The Forum for Discussion about The Third Manifesto and Related Matters

Please or Register to create posts and topics.

TD data in JSON

Page 1 of 2Next

Is there a standard mapping of TD-compliant RM data onto JSON?

The approach that first comes to my mind is to represent a relation as a JSON object with two names, "heading" and "data", where the value of the first is another JSON object mapping attribute names into attribute type names, and the value of the second is a JSON array of JSON objects that map attribute names into attribute values.  A tuple is represented similarly, except that the value of "data" is a single object rather than an array of objects. A third name "type" could be added to make the distinction between relations and tuples more explicit.

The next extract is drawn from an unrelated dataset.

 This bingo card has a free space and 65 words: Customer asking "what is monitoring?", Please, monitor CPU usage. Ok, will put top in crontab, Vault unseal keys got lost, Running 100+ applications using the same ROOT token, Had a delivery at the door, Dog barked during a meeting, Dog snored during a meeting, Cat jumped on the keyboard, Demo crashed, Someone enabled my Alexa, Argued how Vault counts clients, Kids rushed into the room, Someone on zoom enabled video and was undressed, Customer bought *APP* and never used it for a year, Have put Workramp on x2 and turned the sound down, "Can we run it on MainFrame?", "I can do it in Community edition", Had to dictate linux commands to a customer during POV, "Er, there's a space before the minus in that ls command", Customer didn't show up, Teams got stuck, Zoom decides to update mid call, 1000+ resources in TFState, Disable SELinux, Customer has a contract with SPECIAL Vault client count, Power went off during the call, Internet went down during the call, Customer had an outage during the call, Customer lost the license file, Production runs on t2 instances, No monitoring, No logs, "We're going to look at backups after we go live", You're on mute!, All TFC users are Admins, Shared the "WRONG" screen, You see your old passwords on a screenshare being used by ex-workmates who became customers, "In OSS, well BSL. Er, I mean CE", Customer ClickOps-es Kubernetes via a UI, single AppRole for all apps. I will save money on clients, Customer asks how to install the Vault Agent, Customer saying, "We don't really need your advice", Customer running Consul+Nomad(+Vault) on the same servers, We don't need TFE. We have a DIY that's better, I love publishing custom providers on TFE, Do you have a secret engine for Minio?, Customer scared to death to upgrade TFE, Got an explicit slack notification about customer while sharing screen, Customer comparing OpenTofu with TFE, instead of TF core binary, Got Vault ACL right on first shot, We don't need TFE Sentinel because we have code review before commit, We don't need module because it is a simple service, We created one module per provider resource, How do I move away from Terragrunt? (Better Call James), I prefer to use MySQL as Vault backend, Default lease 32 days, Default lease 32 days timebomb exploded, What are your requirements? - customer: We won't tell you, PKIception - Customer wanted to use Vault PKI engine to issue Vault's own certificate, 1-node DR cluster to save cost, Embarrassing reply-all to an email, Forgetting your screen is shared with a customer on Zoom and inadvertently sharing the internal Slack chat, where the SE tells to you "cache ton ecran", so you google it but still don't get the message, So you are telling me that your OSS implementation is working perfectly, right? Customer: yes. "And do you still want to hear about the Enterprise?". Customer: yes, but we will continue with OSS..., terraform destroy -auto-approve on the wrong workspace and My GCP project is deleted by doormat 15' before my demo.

As for TD integers, rationals, strings, and booleans become JSON numbers, numbers, strings, and booleans respectively.  TD integers and rationals too large or too precise to be represented as JSON numbers (which are 64-bit floats) can be transferred as strings, since the type of every datum is known and JSON's manifestly typed values are just a convenience.  Custom scalar values are JSON objects with two names, "name" for the string name of the scalar type, and "possrep" for an object that maps from named selector arguments to their values.  The value of "name" must be recognized by the client.  Semi-standardized types like timestamps may be represented by strings like "2019-06-24T00:47:16.107122953Z or equivalently as:

{"name": "timestamp", "possrep: {"seconds": 1561351636, "nanoseconds": 107122953}}

IMAO, SQL's DATE, TIME, and TIMESTAMP types with or without timezones are all horrible: the only time-related type in a database should be a Posix timestamp (the number of seconds since the Posix Epoch, 1970-01-01T00:00:00" proleptic UTC time, but excluding all leap seconds) and of nanoseconds relative to the second.  If you really care, replace "seconds" with "tai" and give the number of seconds since the Epoch including leap seconds.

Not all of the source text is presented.